In the face of ongoing wars and a grim geopolitical backdrop, the global economy has remained a beacon of hope. Just a year ago, concerns loomed over an impending recession due to high interest rates. However, the optimists have been surprised as the world economy defied expectations.
America’s economy, in particular, displayed remarkable resilience, surging at an impressive annualized rate of 4.9% in the third quarter. Globally, inflation rates are decreasing, unemployment remains relatively low, and major central banks have paused their monetary tightening. Even China, amidst a property crisis, is anticipated to benefit from a modest stimulus.
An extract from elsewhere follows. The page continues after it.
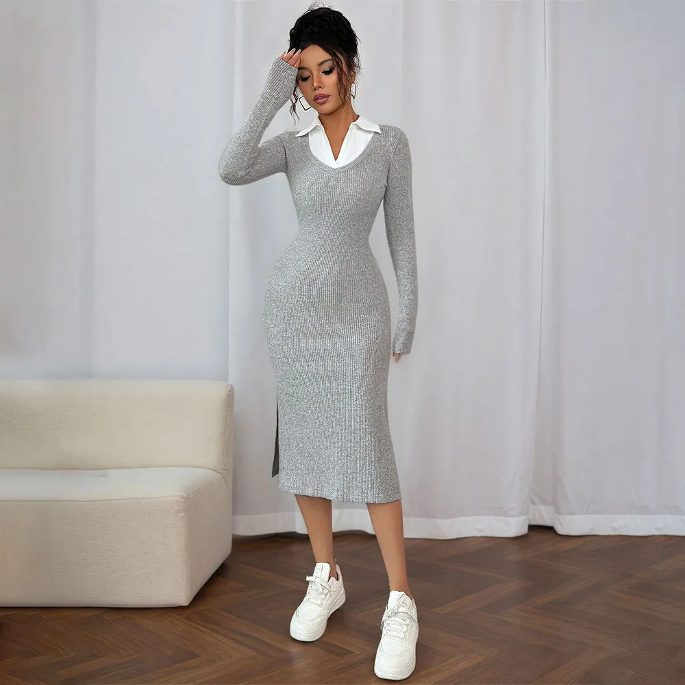 Korean-style relaxed-fit shirt-collar knit dress with patchwork detailing Women's autumn/winter slim-fit long-sleeve dress in light gray

Despite the current optimism, this economic cheer may be short-lived. The foundation supporting today’s growth appears precarious, and lurking threats cast a shadow on the future.
The buoyant economy has led to speculation that while interest rates are no longer rising rapidly, they may not decrease significantly either. Recent actions by the European Central Bank and the Federal Reserve, maintaining steady rates, have triggered a sharp rise in long-term bond yields. The United States, for instance, now faces a 5% borrowing rate for a 30-year period, a substantial increase from the 1.2% during the depths of the pandemic recession.
Even nations accustomed to low rates, such as Germany, have witnessed significant hikes in their borrowing costs. Notably, Germany’s ten-year bond yield, which was once negative, has climbed to nearly 3%. The Bank of Japan, too, has nearly abandoned its commitment to peg ten-year borrowing costs at 1%.
In this fragile economic landscape, the mirage of global prosperity appears increasingly susceptible to disruption, raising concerns about the sustainability of the current economic boom.